## Exercise description
Set down every line of the data exactly, skipping the pictures.

Segment Start: Recorded information

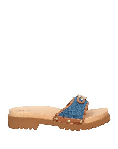 slide sandals, denim, leather, two-tone, brand logo, buckle fastening, round toe, block heel, rubber cleated sole, leather lining, contains non-textile parts of animal origin
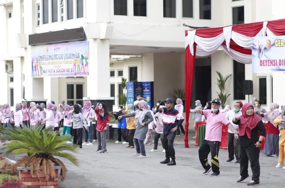 Dalam kegiatan tersebut, Ramadhani ikuti senam massal, cek kesehatan dalam rangka Implementasi GERMAS. Sekaligus juga dilakukan kegiatan vaksinasi Covid-19, bertempat di Halaman Balai Kota Solok, kemarin.
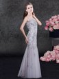 Home >  Special Occasion Dresses >  Mother of the Bride Dresses > Scoop Sleeveless Tulle Floor Length Zipper Mother Of The Bride Dress in Grey for with Lace and Appliques
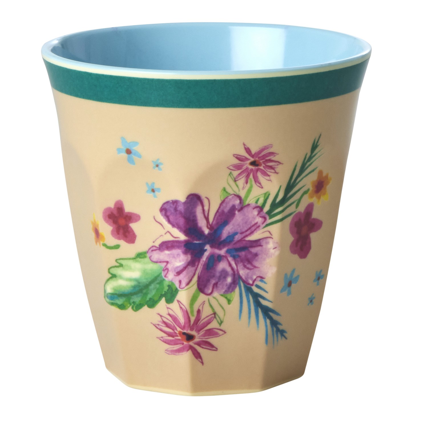 Bicchiere medio in melamina con interno in tinta unita azzurra ed esterno color crema decorato con graziosa fantasia floreale e bordo verde smeraldo. Perfetto per dare il giusto tocco di colore alla tua tavola di prima mattina con l’estate dentro! Abbinalo ai nostri piatti e tazze a tema! Usalo per qualsiasi cosa, anche come porta matite o come vasetto porta fiori, o semplicemente per un piacevole picnic.

Segment End: Recorded information

## Response for this exercise
 slide sandals, denim, leather, two-tone, brand logo, buckle fastening, round toe, block heel, rubber cleated sole, leather lining, contains non-textile parts of animal origin
 Dalam kegiatan tersebut, Ramadhani ikuti senam massal, cek kesehatan dalam rangka Implementasi GERMAS. Sekaligus juga dilakukan kegiatan vaksinasi Covid-19, bertempat di Halaman Balai Kota Solok, kemarin.
 Home >  Special Occasion Dresses >  Mother of the Bride Dresses > Scoop Sleeveless Tulle Floor Length Zipper Mother Of The Bride Dress in Grey for with Lace and Appliques
 Bicchiere medio in melamina con interno in tinta unita azzurra ed esterno color crema decorato con graziosa fantasia floreale e bordo verde smeraldo. Perfetto per dare il giusto tocco di colore alla tua tavola di prima mattina con l’estate dentro! Abbinalo ai nostri piatti e tazze a tema! Usalo per qualsiasi cosa, anche come porta matite o come vasetto porta fiori, o semplicemente per un piacevole picnic.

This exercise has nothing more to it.